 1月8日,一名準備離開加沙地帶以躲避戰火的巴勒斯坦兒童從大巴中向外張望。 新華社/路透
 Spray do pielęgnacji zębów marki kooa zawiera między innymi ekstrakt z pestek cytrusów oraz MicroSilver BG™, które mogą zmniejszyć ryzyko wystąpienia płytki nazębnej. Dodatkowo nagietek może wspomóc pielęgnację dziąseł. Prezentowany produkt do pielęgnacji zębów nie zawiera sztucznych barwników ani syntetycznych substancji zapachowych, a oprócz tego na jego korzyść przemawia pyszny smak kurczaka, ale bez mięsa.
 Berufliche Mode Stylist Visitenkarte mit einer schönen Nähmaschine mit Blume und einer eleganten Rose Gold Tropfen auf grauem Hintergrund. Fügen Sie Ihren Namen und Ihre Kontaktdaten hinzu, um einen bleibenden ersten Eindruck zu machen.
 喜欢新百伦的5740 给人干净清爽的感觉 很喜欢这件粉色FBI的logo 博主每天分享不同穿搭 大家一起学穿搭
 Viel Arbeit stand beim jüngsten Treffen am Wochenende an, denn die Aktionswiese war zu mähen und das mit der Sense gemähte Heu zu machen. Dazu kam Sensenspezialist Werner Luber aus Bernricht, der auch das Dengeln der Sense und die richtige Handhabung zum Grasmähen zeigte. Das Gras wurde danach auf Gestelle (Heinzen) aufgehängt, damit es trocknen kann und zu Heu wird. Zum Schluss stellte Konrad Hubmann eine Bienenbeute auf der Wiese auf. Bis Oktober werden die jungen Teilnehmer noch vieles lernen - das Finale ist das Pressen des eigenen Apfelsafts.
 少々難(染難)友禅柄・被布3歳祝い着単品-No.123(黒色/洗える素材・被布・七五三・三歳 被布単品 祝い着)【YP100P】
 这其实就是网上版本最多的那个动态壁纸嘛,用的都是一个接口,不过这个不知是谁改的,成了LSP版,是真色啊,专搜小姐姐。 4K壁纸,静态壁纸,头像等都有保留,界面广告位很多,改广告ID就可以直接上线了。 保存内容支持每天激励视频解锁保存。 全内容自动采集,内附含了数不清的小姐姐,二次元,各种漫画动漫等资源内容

= = = = = = =

Retype every record above exactly.

§ Solution for this problem:
 1月8日,一名準備離開加沙地帶以躲避戰火的巴勒斯坦兒童從大巴中向外張望。 新華社/路透
 Spray do pielęgnacji zębów marki kooa zawiera między innymi ekstrakt z pestek cytrusów oraz MicroSilver BG™, które mogą zmniejszyć ryzyko wystąpienia płytki nazębnej. Dodatkowo nagietek może wspomóc pielęgnację dziąseł. Prezentowany produkt do pielęgnacji zębów nie zawiera sztucznych barwników ani syntetycznych substancji zapachowych, a oprócz tego na jego korzyść przemawia pyszny smak kurczaka, ale bez mięsa.
 Berufliche Mode Stylist Visitenkarte mit einer schönen Nähmaschine mit Blume und einer eleganten Rose Gold Tropfen auf grauem Hintergrund. Fügen Sie Ihren Namen und Ihre Kontaktdaten hinzu, um einen bleibenden ersten Eindruck zu machen.
 喜欢新百伦的5740 给人干净清爽的感觉 很喜欢这件粉色FBI的logo 博主每天分享不同穿搭 大家一起学穿搭
 Viel Arbeit stand beim jüngsten Treffen am Wochenende an, denn die Aktionswiese war zu mähen und das mit der Sense gemähte Heu zu machen. Dazu kam Sensenspezialist Werner Luber aus Bernricht, der auch das Dengeln der Sense und die richtige Handhabung zum Grasmähen zeigte. Das Gras wurde danach auf Gestelle (Heinzen) aufgehängt, damit es trocknen kann und zu Heu wird. Zum Schluss stellte Konrad Hubmann eine Bienenbeute auf der Wiese auf. Bis Oktober werden die jungen Teilnehmer noch vieles lernen - das Finale ist das Pressen des eigenen Apfelsafts.
 少々難(染難)友禅柄・被布3歳祝い着単品-No.123(黒色/洗える素材・被布・七五三・三歳 被布単品 祝い着)【YP100P】
 这其实就是网上版本最多的那个动态壁纸嘛,用的都是一个接口,不过这个不知是谁改的,成了LSP版,是真色啊,专搜小姐姐。 4K壁纸,静态壁纸,头像等都有保留,界面广告位很多,改广告ID就可以直接上线了。 保存内容支持每天激励视频解锁保存。 全内容自动采集,内附含了数不清的小姐姐,二次元,各种漫画动漫等资源内容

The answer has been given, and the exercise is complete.